Rising fuel and registration costs are reducing the profit margins being made by livestock transporters.
Shaw’s Transport’s Stephen Shaw, Mansfield, said while some companies might have increased freight costs to keep up, to remain competitive he hasn’t lifted his prices in the last 10 years.
And it’s hurting his hip pocket, but is something he has been prepared to deal with in order to “keep as many people as possible happy”.
Mr Shaw, whose business has been in his family for almost 50 years, said a fuel subsidy of about 16 cents a litre has been beneficial over the years, but it hasn’t been enough to soften the blow of rising prices.
The increasing cost of truck registration has also burdened the company’s profit.
It’s got to a point where he has begun considering increasing his costs.
“A lot of people have been saying I should put my prices up, but my problem is I have a conscience, I don’t want to just put my prices up and say to my customers this is what you have to pay now,” he said.
“But I’ll have to think about it shortly.”
He’s been lucky that he hasn’t had to pay wages to any staff, as he only works with his son James, who runs his own finances.
However Australian Livestock and Rural Transporters Australia (ALRTA) national president Kevin Keenan said It is important for operators to know their own costs and to price in variables such as the cost of diesel, which can vary over time or by location.
“Generally, all operators are affected equally by changes in fuel or rego prices – so the overall price of freight should rise and fall accordingly,” Mr Keenan said.
“This is not always the case though and there can be some lag between cost changes and adjustments to freight charges.”
He said diesel costs have steadily risen by about 30 per cent from historic lows in early 2016, and as they haven’t returned to the highs of 2014, operators should factor in the likelihood of further price hikes.
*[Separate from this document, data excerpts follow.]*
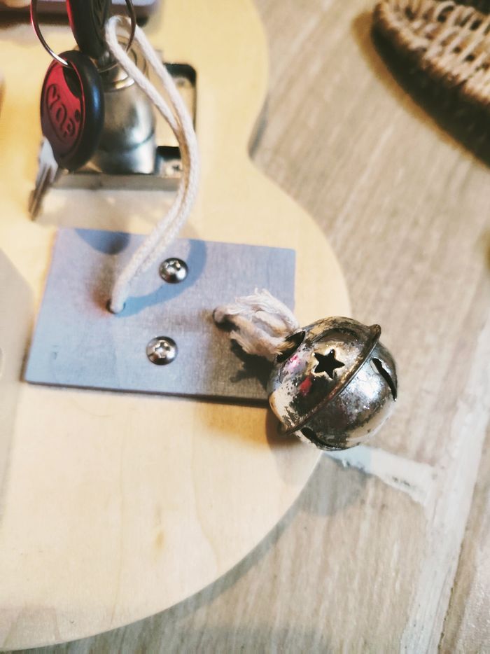 ✨Sensorialité : Une petite clochette sonore et des lacets à enfiler.
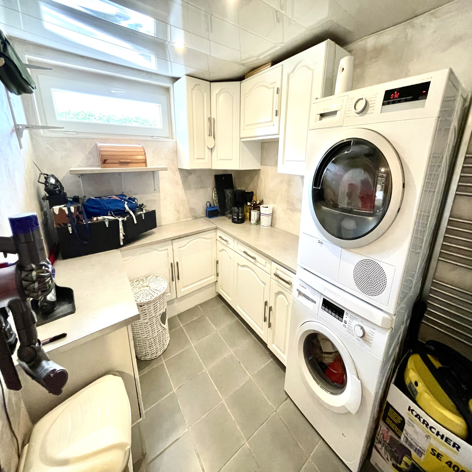 Au sous-sol : garage, chaufferie, cave, buanderie avec douche.
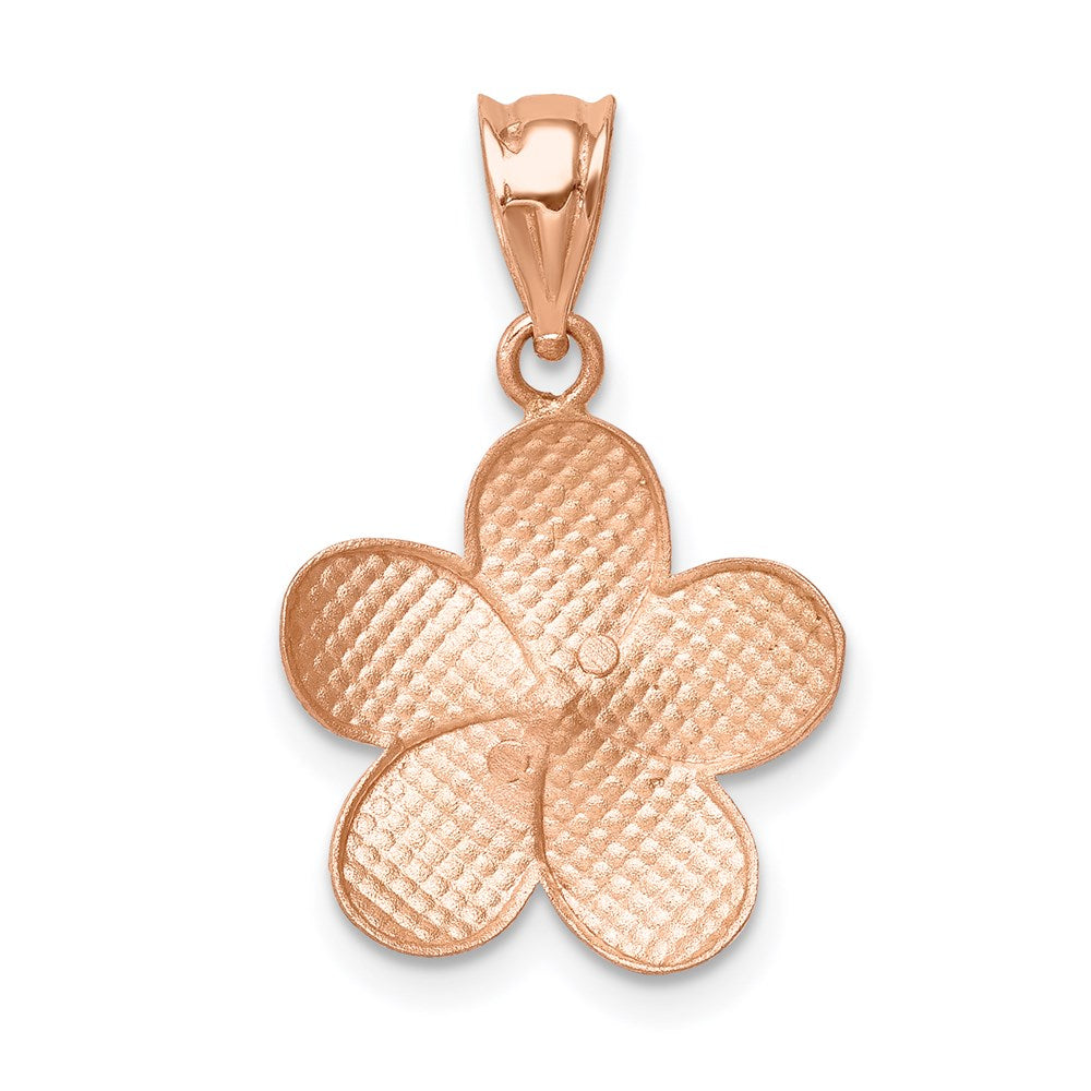 14K Rose Brushed Diamond-cut Plumeria Pendant
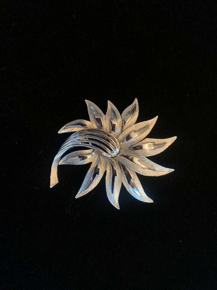 For Sale: (1) t574 Crown Trifari vintage signed and incredible shiny silver flower brooch with polished and textured silver
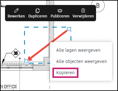U kunt markeringen kopiëren en plakken naar dezelfde of een andere bouwtekening of bestand in uw huidige project of naar een ander project.
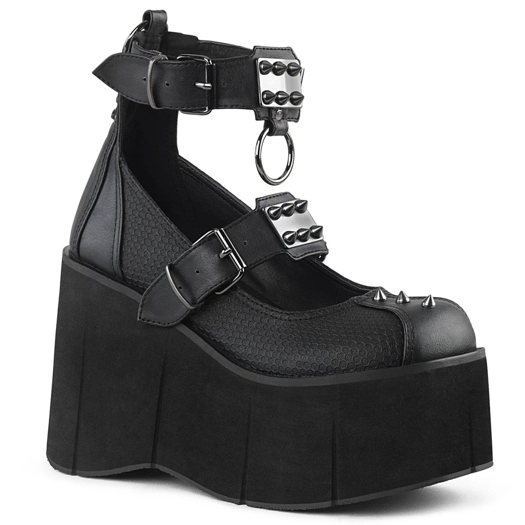 Platform Gothic‚ Maryjane Featuring Dual Buckle Straps with Cone Spike Studded Metal Plates & O-Ring Details
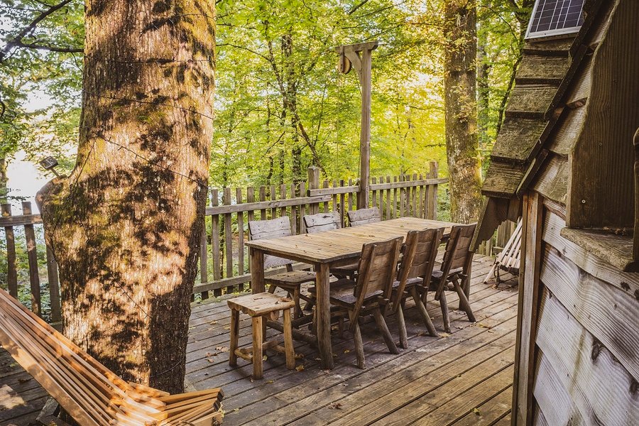 Pour partager un moment unique à deux, la Cabane Spa Echo est idéale ! Ce cocon dans les arbres est accessible par un double escalier.
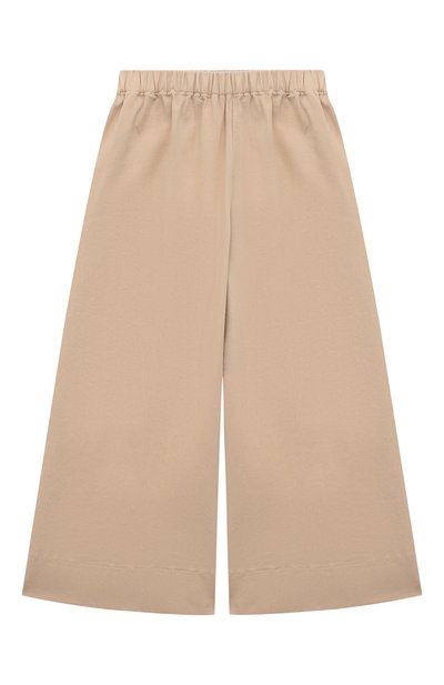 Мастера марки сшили бежевые кюлоты из тонкого мягкого хлопка с добавлением волокон спандекса. Дышащий материал в дуэте со свободным кроем обеспечат комфорт как на долгой прогулке, так и во время активных игр. За удобную посадку на талии отвечает эластичный пояс.

In 2014, the National Transport Commission (NTC) determined that heavy vehicle operators were being overcharged by 6.3pc every year, and recommended an immediate reduction in both registration costs and the Road User Charge.
“Transport ministers refused to accept the findings of their own agency and instead froze charges, so since 2014, this has resulted in more than $1 billion in overcharging of heavy vehicle operators,” he said.
“If governments want to do something about transport costs, state and territory transport ministers should immediately return to fair cost recovery principles.”
Mr Keenan said customers might be reluctant to pay for increased freight costs, particularly if livestock prices begin to decline, but operators need to adjust rates upwards.
“Undertaking jobs at rates below cost will just make a transport business go broke faster, so ALRTA stresses that operators need to know their costs, anticipate likely increases and factor this into freight rate negotiations.”
Mr Shaw said now is traditionally a quiet time for the business, but this year has been busier than normal.
He has been transporting cattle to and from saleyards, and to and from agistment properties, for drought-affected farmers.
“Normally people have made all of their sales by the end of June for tax purposes, but sales are determined by the season and prices,” he said.
“One particular client backed off a fair bit, so we’ve been carting their stuff around to market and on agistment the last couple of months.”
He said recent rain has lifted prices, and seen more transport required.
“This week I was meant to be doing next to nothing, but now I’m working three days straight,” he said.